* **Recorded information**
******************************

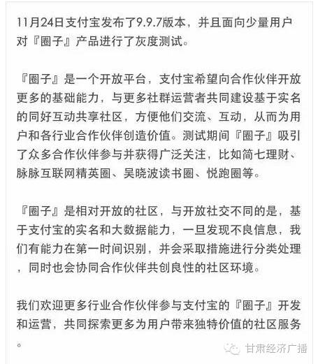 支付宝的“玩转圈子”功能,一口气推出了“白领日记”、“校园日记”、“海外代购”、“生活在海外”、“北京女人”等圈子,并通过大数据精准推送,向用户们发出了不同的圈子邀请。
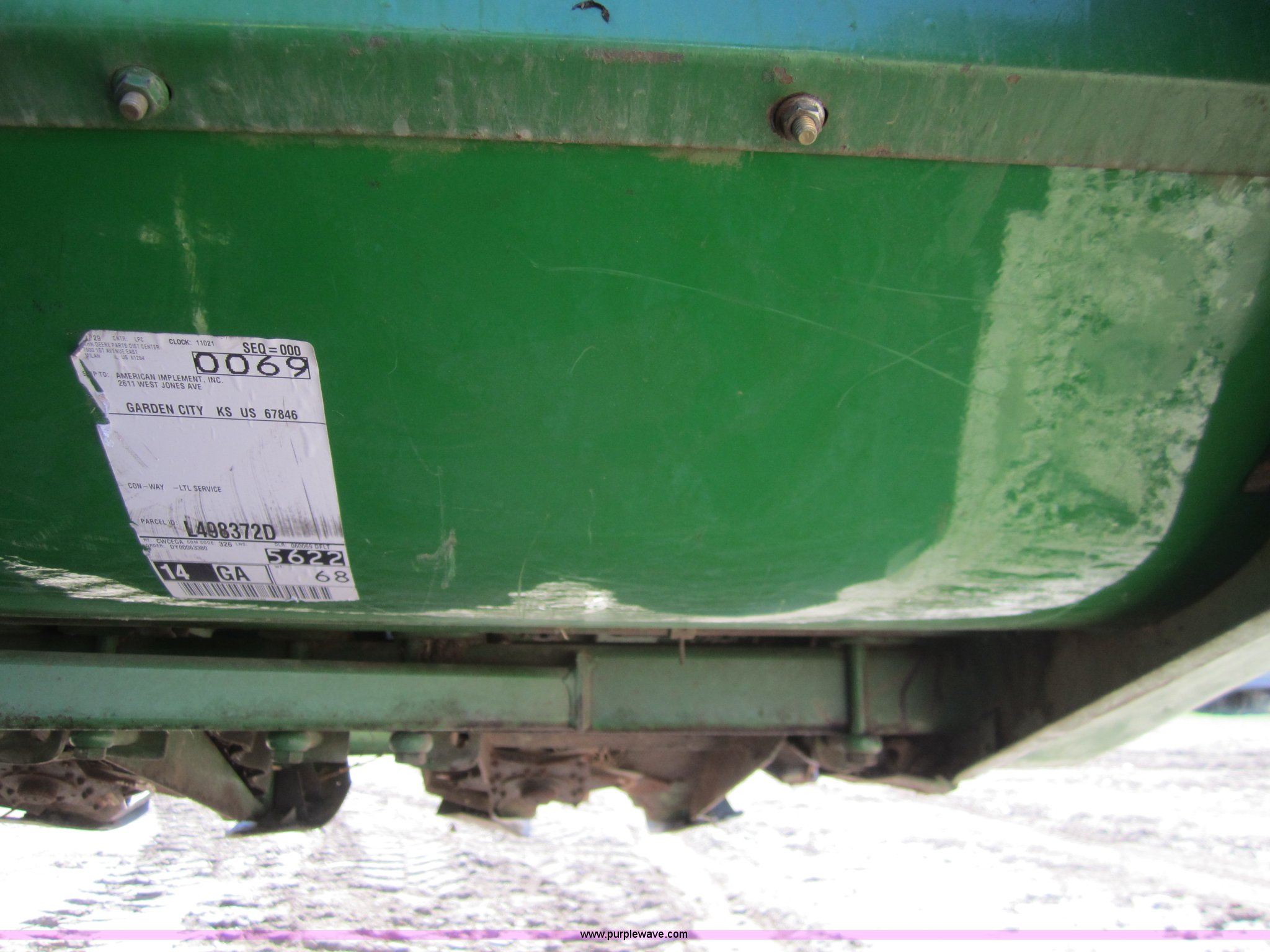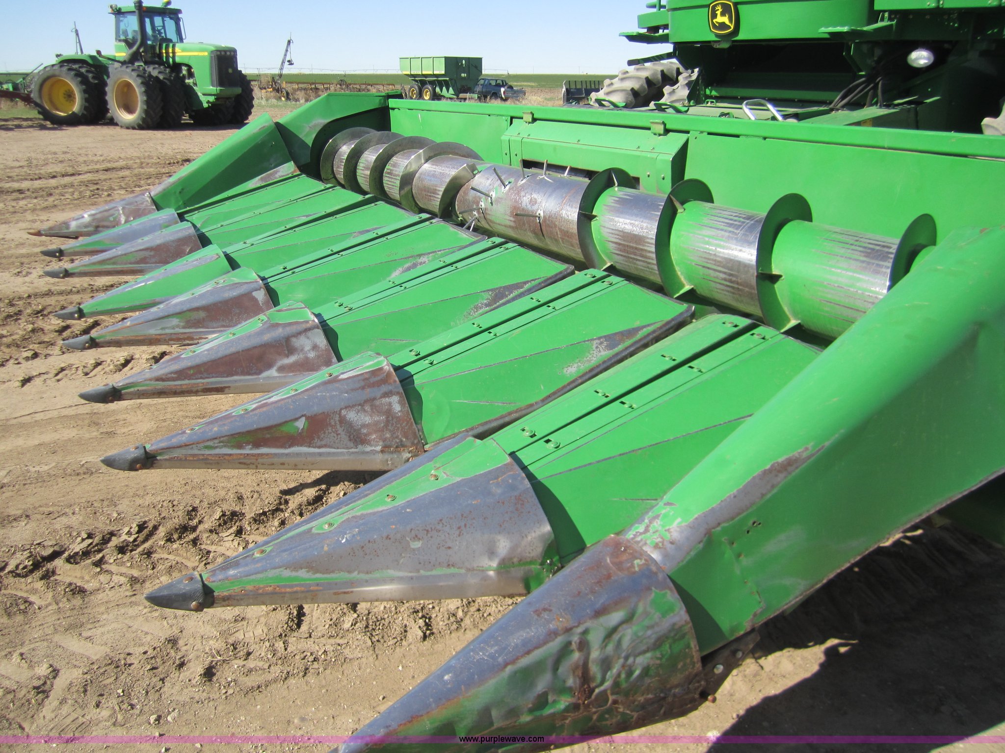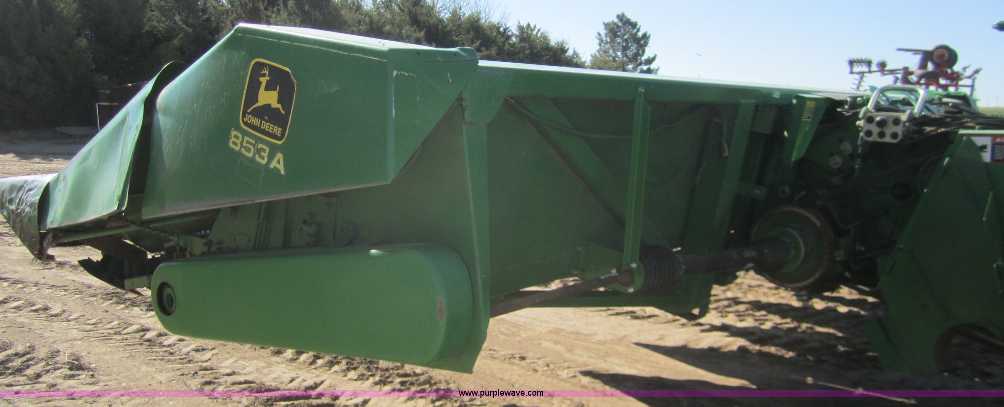 Purple Wave is selling a used Corn or Row Head in Kansas. This item is a 1983 John Deere 853A row crop header with the following: 8 row, New floor pan, Serial 427558
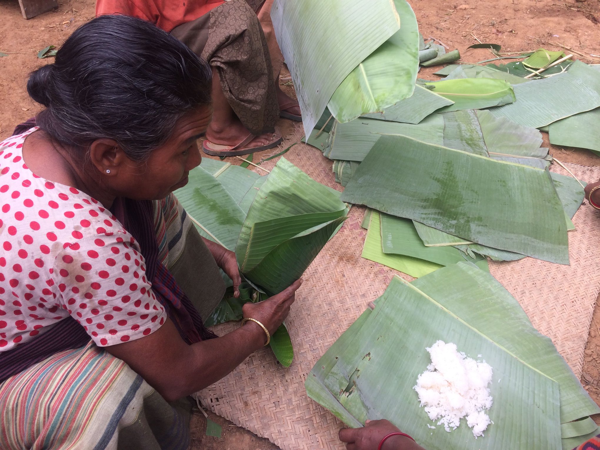 বিয়ে শেষ হবার আগেই আমি খেতে বসে পরলাম। যেটা নজর কাড়ল সেটা হল কোন থালা বা প্লেট নয় খাবার পরিবেশন করা হল কলাগাছের ঢঙ্গলে। কয়েকবছর আগে অবধিও আমার গ্রামে শুধু নয় উত্তর বঙ্গের সব গারো গ্রামেই এই ঢঙ্গলেই খাবার দেবার চলছিল। এখন যুগের সাথে পরিবর্তন এসছে , অনুষ্ঠানগুলিতে জায়গা করে নিয়েছে প্রথমে শাল পাতা তারপর প্লাস্টিক বা থার্মোকলের প্লেট। খাবারের আয়োজন ছিল খুব সাধারণ- ভাত, একটা ঘণ্টসবজি, ঐতিহ্যবাহী কিছু গারো রান্নার পদ যেমন- গারোদের প্রিয় শূকরের মাংসের ফুরাখাড়ি (চালের গুড়ো ও খাবার সোডা দিয়ে তৈরি) ,মুরগির মাংসের কাপ্পা এবং জঙ্গল থেকে সংগ্রহ করে আনা চালতার চাটনি।

******************************

* **Task to carry out**
The data is to be printed again exactly, but without its pictures.

* **Answer area**
 支付宝的“玩转圈子”功能,一口气推出了“白领日记”、“校园日记”、“海外代购”、“生活在海外”、“北京女人”等圈子,并通过大数据精准推送,向用户们发出了不同的圈子邀请。
 Purple Wave is selling a used Corn or Row Head in Kansas. This item is a 1983 John Deere 853A row crop header with the following: 8 row, New floor pan, Serial 427558
 বিয়ে শেষ হবার আগেই আমি খেতে বসে পরলাম। যেটা নজর কাড়ল সেটা হল কোন থালা বা প্লেট নয় খাবার পরিবেশন করা হল কলাগাছের ঢঙ্গলে। কয়েকবছর আগে অবধিও আমার গ্রামে শুধু নয় উত্তর বঙ্গের সব গারো গ্রামেই এই ঢঙ্গলেই খাবার দেবার চলছিল। এখন যুগের সাথে পরিবর্তন এসছে , অনুষ্ঠানগুলিতে জায়গা করে নিয়েছে প্রথমে শাল পাতা তারপর প্লাস্টিক বা থার্মোকলের প্লেট। খাবারের আয়োজন ছিল খুব সাধারণ- ভাত, একটা ঘণ্টসবজি, ঐতিহ্যবাহী কিছু গারো রান্নার পদ যেমন- গারোদের প্রিয় শূকরের মাংসের ফুরাখাড়ি (চালের গুড়ো ও খাবার সোডা দিয়ে তৈরি) ,মুরগির মাংসের কাপ্পা এবং জঙ্গল থেকে সংগ্রহ করে আনা চালতার চাটনি।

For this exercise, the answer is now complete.